[Opening DATA FOR THIS TASK section]

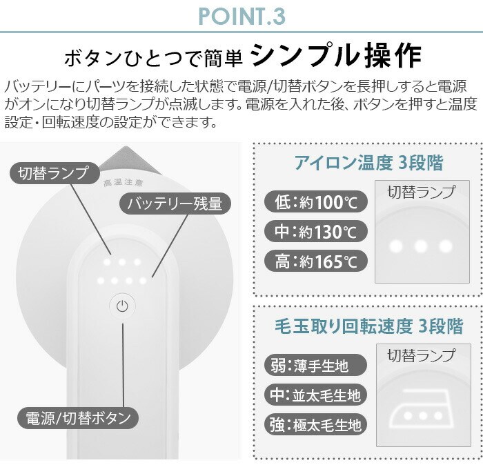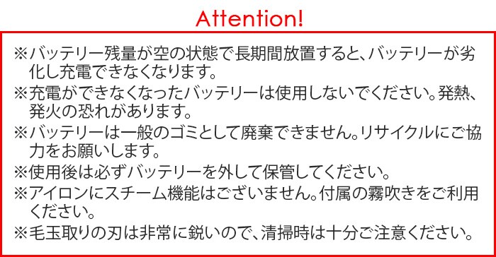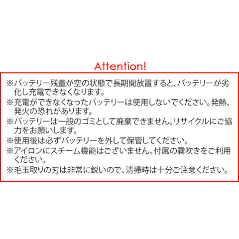 | バッテリー残量が空の状態で長期間放置すると、バッテリーが劣化し充電できなくなります。 充電する際はアイロン・毛玉取りのパーツを外した状態で行ってください。 コンセントから充電する際には電源プラグ(別売り)が必要です。 充電中は使用不可。 アイロンにスチーム機能はございません。付属の霧吹きをご利用ください。 アイロンかけ面カバーを付けたまま電源を入れないでください。 毛玉取りの刃は非常に鋭いので、清掃時は十分ご注意ください。 充電ができなくなったバッテリーは使用しないでください。発熱、発火の恐れがあります。 使用後は必ずバッテリーを外して保管してください。 |
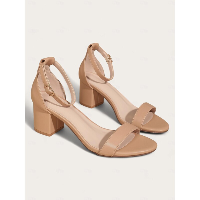 : These elegant nude ankle strap heeled sandals boast a sleek, modern silhouette that pairs effortlessly with a variety of outfits. The chunky heel adds stability and elevates the overall look, perfect for dressing up or down.
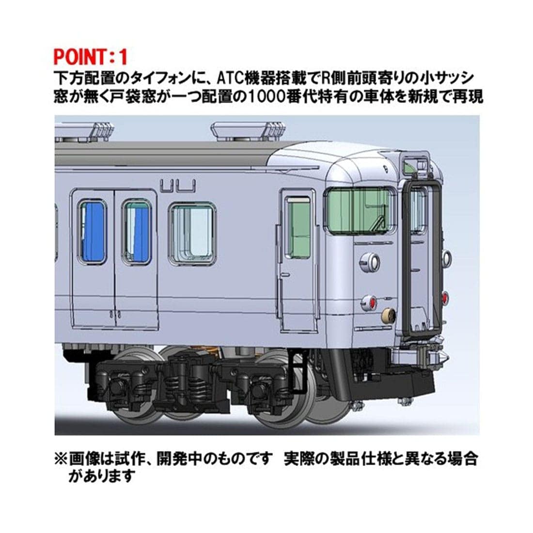 POINT 1:下方配置のタイフォンに、ATC機器搭載でR側前頭寄りの小サッシ窓が無く戸袋窓がひとつ配置の1000番代特有の車体を新規で再現
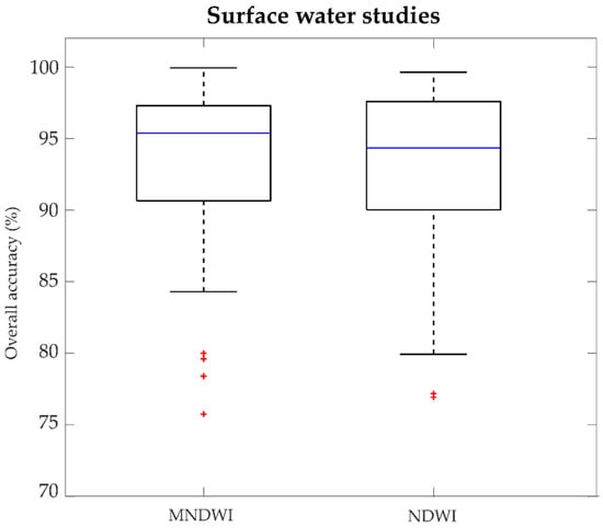 Regarding surface water detection, the MNDWI and NDWI were the most common indices (27.8% and 26.4% of use among open water studies, respectively), followed by the AWEInsh (15.3%), NDVI (11.1%), AWEIsh (9.7%), WRI (4.2%), NDMI, and MNDWI7 (5.6%). Figure 4 illustrates the performances of these indices expressed in terms of OA. In this case, the MNDWI had an OA median value of 95.37% (horizontal blue line in the figure) and a relatively small spread of the data. However, some outliers were observed. The NDWI and AWEInsh had similar performances to those of the MNDWI, in terms of median value (94.41% and 94.80%, respectively), data spreading, and outlier values. The NDMI showed the lowest median value among all selected spectral indices (median OA value of 88.80%). Although the highest OA median value was observed for the WRI, only five studies were available, which may not be sufficient to satisfactory interpret its performance.
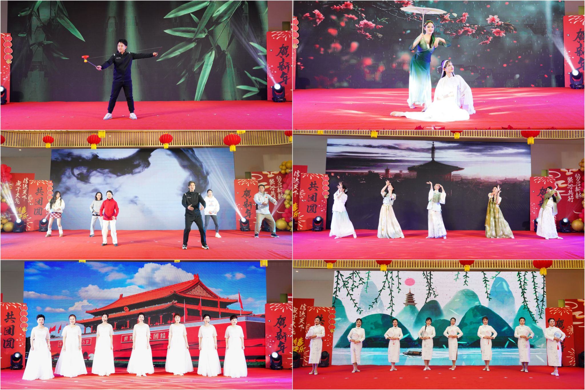 茶话迎新年,成信年味浓。合唱《祝你生日快乐》《声声慢》、配乐诗朗诵《党旗飘扬山河同光》、古典舞《清平乐》《雨后》、琴艺和书法展示《琴书合鸣》、传统体育表演《锦韵竹风》等精彩节目赢得了现场阵阵掌声。一轮轮抽奖更是将节日的喜庆气氛推向了高潮,现场洋溢着欢声笑语,气氛热烈而欢快。
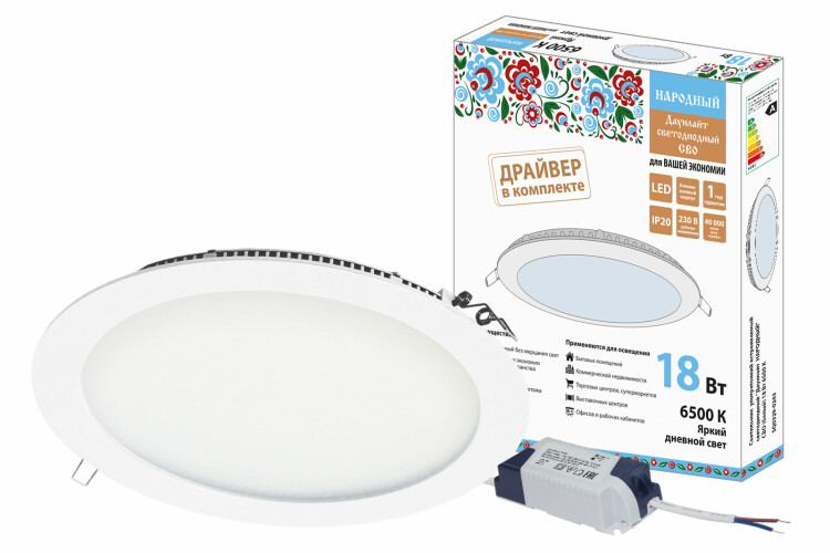 Светильник ультратонкий встраиваемый светодиодный "Даунлайт НАРОДНЫЙ" СВО (белый) 18 Вт 6500К (кр.1шт)

[Closing DATA FOR THIS TASK section]

◆ **ASSIGNMENT**
Transcribe every line from the one containing "茶话迎新年,成信年味浓。合唱" to the end of the listing, exactly and exclusively. Do not carry any picture over.

◆ **ANSWER FOR THIS EXERCISE**
 茶话迎新年,成信年味浓。合唱《祝你生日快乐》《声声慢》、配乐诗朗诵《党旗飘扬山河同光》、古典舞《清平乐》《雨后》、琴艺和书法展示《琴书合鸣》、传统体育表演《锦韵竹风》等精彩节目赢得了现场阵阵掌声。一轮轮抽奖更是将节日的喜庆气氛推向了高潮,现场洋溢着欢声笑语,气氛热烈而欢快。
 Светильник ультратонкий встраиваемый светодиодный "Даунлайт НАРОДНЫЙ" СВО (белый) 18 Вт 6500К (кр.1шт)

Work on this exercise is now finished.